The Awesomeness of the Single Point Rubric

This year my department has gone fully-blended which means that our assignments and projects have gone digital.  So instead of students handing in a notebook at the end of the unit, they work on digital assignments throughout the unit.  My US history colleagues had a horrible experience with their first digital notebooks (incomplete work, incorrectly done assignments, little to no work effort) which allowed me to tweak the process for my World History kiddoes.

And this is why I love Twitter.

I was pondering how I was going to approach the digital notebook assignments with my 7th graders…thinking about how I could make sure that they were 1) doing the assignments and 2) completing them with integrity.

Enter the Single Point Rubric.

It was so unexpected…yet timely.  Someone in my PLN retweeted a link to a site that explained the awesomeness of the single point rubric.

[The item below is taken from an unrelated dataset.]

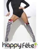 Mettez en valeur votre mini jupe en y ajoutant de longs bas. Cette paire de bas noirs avec noeud blanc est conseillée pour la Saint-Valentin. Les bas sont de couleur noir opaque avec une longueur qui remonte jusqu'à mi-cuisses. Chacun d'eux est agrémenté d'un petit noeud blanc tout mimi sur le devant.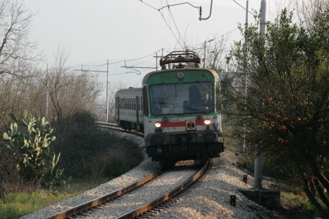 ALE 126-510 auf der Metro Campania Nord Est auf der fahrt von Napoli Centrale nach Benevento in der Kehre von Santa Maria a Vico, 24.02.2008 André Breutel

I was all over it.  I created one that morning and by the next day, my colleague and I tried it out with our students.  Each student filled out a single point rubric for one of their peers. What was interesting was…I thought that they would simply give a plus, check, or minus for each category and then leave some sparsely written feedback.  But what actually happened is that they were verbally giving feedback while also writing very specific feedback.  It was so cool!  Students were defending their work but their peers kept referring back to the rubric.  In hindsight, I should have recorded their conversations…at least for posterity’s sake!

That was a couple of months ago.

Since then, my students have used a single point rubric several times for peer review and now self-reflection.  I use the same rubric for my own feedback.  Though I really love listening to their discussions as they still continue to verbally provide feedback while also writing it down…what I love more is seeing that my students are now more conscientious about doing their very best because they know that their peers will be reviewing their work.

And the best part?  The digital notebook assignments are solidly crafted.  My students are redoing their work while also helping each other in the learning process.  Who could ask for more?